Regulus Reports Fourth Quarter and Year-End 2019 Financial Results and Recent Updates

FDA Removal of Partial Clinical Hold for Phase I Multiple Ascending Dose Study of RGLS4326
Reinitiated Multiple Ascending Dose Study of RGLS4326 for the Treatment of ADPKD
Closed $26 Million Second Tranche of Private Financing

LA JOLLA, Calif., March 12, 2020 /PRNewswire/ --  Regulus Therapeutics Inc. (Nasdaq: RGLS), a biopharmaceutical company focused on the discovery and development of innovative medicines targeting microRNAs (the "Company" or "Regulus"), today reported financial results for the fourth quarter and year ended December 31, 2019 and provided a corporate update. 
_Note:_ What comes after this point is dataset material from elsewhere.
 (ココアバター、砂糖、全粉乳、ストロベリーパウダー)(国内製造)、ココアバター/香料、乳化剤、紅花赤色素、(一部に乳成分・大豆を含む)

"We have made significant progress over the past few months, including receiving notification from FDA of their decision to lift the partial clinical hold on our Phase 1 multiple ascending dose clinical study for RGLS4326, enabling the initiation of dosing of the second cohort of that study for the treatment of autosomal dominant polycystic kidney disease this past February," said Jay Hagan, CEO of Regulus. "This important milestone, coupled with the closing of the second tranche of financing, enables us to advance the program toward key data read-outs."

Corporate Highlights

Closed $26 Million Second Tranche of Private Financing: In December 2019, following the announcement of the Company's plan to recommence the Phase 1 Multiple Ascending Dose ("MAD") clinical study of RGLS4326 for the treatment of autosomal dominant polycystic kidney disease ("ADPKD") in the first quarter of 2020, the Company completed a second and final closing under the May 2019 securities purchase agreement, pursuant to which the Company sold and issued 3,288,390 shares of non-voting Class A-2 convertible preferred stock, in lieu of shares of common stock, at a price of $6.66 per share, and accompanying warrants to purchase an aggregate of 32,883,900 shares of common stock at a price of $0.125 for each share of common stock underlying such warrants. Each share of the non-voting Class A-2 convertible preferred stock is convertible into 10 shares of common stock, subject to certain beneficial ownership conversion limitations. The warrants are exercisable for a period of five years following the date of issuance and have an exercise price of $0.666 per share, pursuant to proportional adjustments in the event of stock splits or combinations or similar events. Together with the first tranche, which closed in May 2019, the Company raised a total of $42.7 million from the private financing, which the Company expects will provide cash resources to fund planned activities into mid-2021.

Program Highlights

Initiated Dosing of the Second Cohort in RGLS4326 Phase 1 for  ADPKD: In February 2020, the Company initiated dosing of the second cohort of the MAD clinical study of RGLS4326, a novel oligonucleotide designed to inhibit miR-17 for the treatment of ADPKD. The Company expects to complete this study in mid-2020 with topline results available thereafter. The Company is also planning to initiate a Phase 1b short-term dosing study in patients with ADPKD in the second half of 2020 to evaluate RGLS4326 for safety, pharmacokinetics, and biomarkers of pharmacodynamic activity. The re-initiation of the MAD study was allowed following a satisfactory complete response provided to FDA in November 2019 to address the partial clinical hold placed on the clinical program in July 2019. A partial clinical hold on studies of RGLS4326 dosed for extended durations remains in effect until the second set of requirements outlined by FDA have been satisfactorily addressed. Information from the Phase 1 clinical studies, together with information from additional nonclinical studies, will be used to address the second set of requirements to support studies of extended duration.

Financial Results

Cash Position: As of December 31, 2019, Regulus had $34.1 million in cash and cash equivalents.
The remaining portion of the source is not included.